Я глотал драже, давился и не верил. Однако минут через двадцать на слабых ногах, но почти трезвый, я вышел в зал.

Брынский ждал меня.

– Слушай, – сказал он. – И вы слушайте, – он повернулся к Вашечкину и его Люде – они уже вернулись. Лицо его стало каменным, он взялся за щеки и прочел:

Пройдут века, прекрасны и суровы,

Чтоб мы смогли всё знать и всё уметь,

Тогда спадут небесные покровы

И завопит архангелова медь.

Народ завоет: "Как же так? До срока?"

И взмолится "Немного погодя..."

Народ, спеша, отыщет лжепророка,

Народ, блюя, создаст себе вождя.

И побежит бессмысленно куда-то,

А вождь наморщит мудрое чело

И вот восстанут снова брат на брата,

Рассудок на рассудок, зло на зло...

И чёрный конь сверкающей подковой

Ударит о заждавшийся гранит

И землю всю период ледниковый

В мильонный раз, кряхтя, оледенит.

...Доктрины строя, лезя в поднебесье,

Глупцы, глупцы, не увидали мы,

Что стержень жизни – только в равновесье

Добра и зла, сияния и тьмы.

– Поэт! – воскликнул Вашечкин. – Настоящий поэт! Напишите мне автограф. Я – доцент Вашечкин.

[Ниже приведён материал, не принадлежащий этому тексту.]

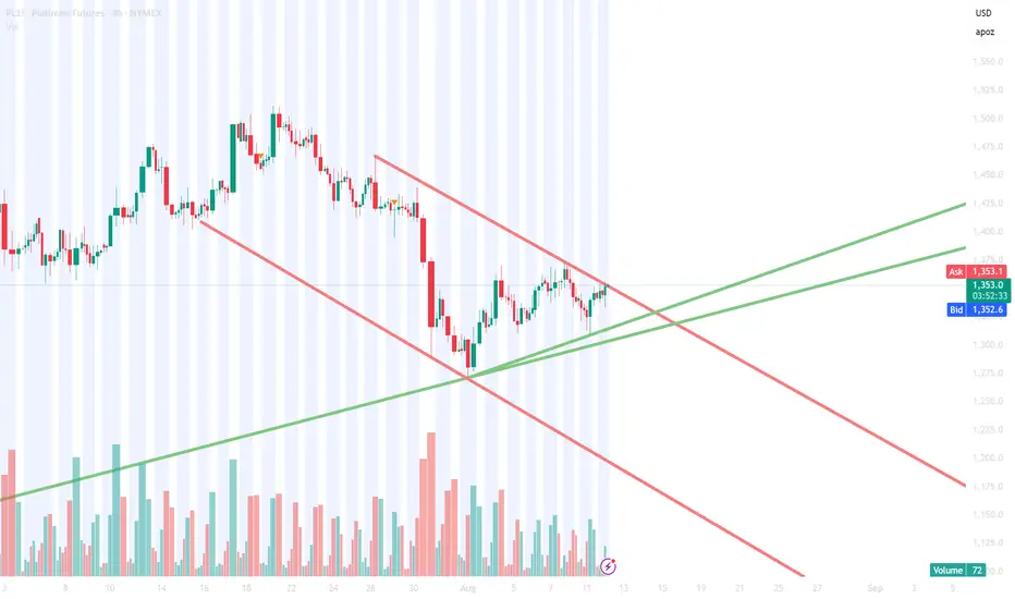 Taking a long position in Platinum, anticipating a breakout to the upside from the current channel. Managing the position with a tight stop loss.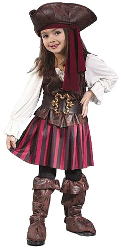 Girl’s Pirate Shirt w/attached VestPink Striped SkirtMatching BandanaPirate Belt w/BuckleLeather-Look Pirate HatLeather-Look Boot TopsThis Caribbean toddler pirate girl costume will be a hit with the rest of the crew! The shirt and sleeves are 100% knit polyester. The vest laces up in the front and looks like leather because of it’s distressed appearance. Elastic in the waist adds to the costume’s comfort. Attached at the waist is a striped red and black skirt. The brown belt which is made out of pleather closes with Velcro in the back and includes a gold-colored buckle. The boot covers match the vest with their leather-like appearance and have elastic bands to secure them. Finally, the matching leather-like hat and dark red bandana add the finishing touches to this classic little pirate costume. Check out our accessories like boots, swords, and eye patches!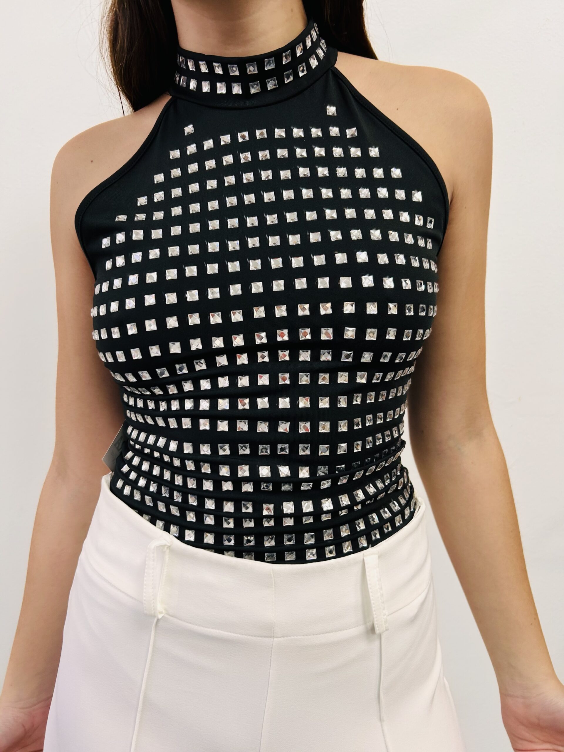 Top con brillos, tejido suave y elasticado para un calce perfecto. Liviano, cómodo y con un toque glam ideal para fiestas, salidas o combinar con jeans y faldas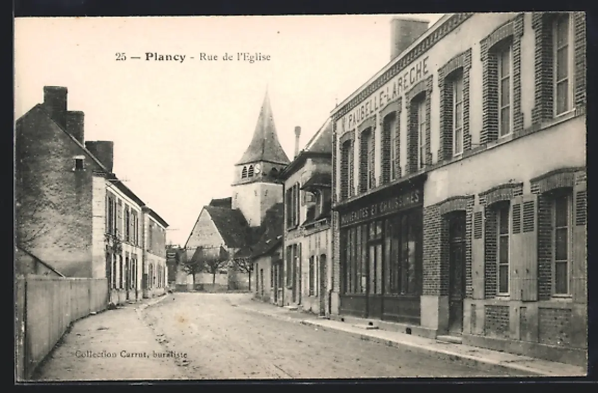 AK Plancy, Rue de l`Église avec vue sur l`église et bâtiments environnants

На другое утро я нашел листок со стихами у себя в кармане. Не знаю, как он туда попал. Может быть, я отнял его у Вашечкина? Ведь я снова напился.

. . . . . . . . . . .

Брат мой! Я вечером выйду из дому и спущусь в преисподнюю, где станции нанизываются на грохотанье составов, в чванную бессмысленность мрамора и бронзы, в угрюмую усталость толпы. Я промчусь под городом, под людскими рождениями и смертями, под нежностью и развратом, под пестрой мешаниной жизни. Я выйду наверх, неся на сутулых плечах весь этот груз. Я постучусь в твои двери, свалю ношу у порога и спрошу тебя: "Что мне делать со всем этим?" Ты ухмыльнешься лукаво и грустно, как будто тебе ведомы привалы и провалы дороги, победы и побеги в пути. Ты процитируешь мне тоскливых мудрецов, длинными пальцами вылепишь из воздуха чудищ Апокалипсиса и скажешь: "Это будущее". Я не поверю тебе, брат мой. Я не захочу голой душой сунуться в лед и пламень твоих пророчеств. Я скажу тебе: "Что мне делать сегодня, сейчас?" Я вытащу из вороха и положу на осыпанный папиросным пеплом стол Виктора, моего героя. И я спрошу тебя: "Чем ему помочь?" Ты ничего не ответишь, и мы будем печально смотреть, как он корчится на липкой клеёнке, рядом с недоеденным куском хлеба, на краю стола, с которого так легко упасть. Мы будем смотреть на него так, как смотрим в зверинце на обезьян, умиляясь и ужасаясь сходству с нами. И ты спросишь меня: "А много ли тебя в нем?" "Не знаю, – отвечу я, – не знаю... Наверно, много".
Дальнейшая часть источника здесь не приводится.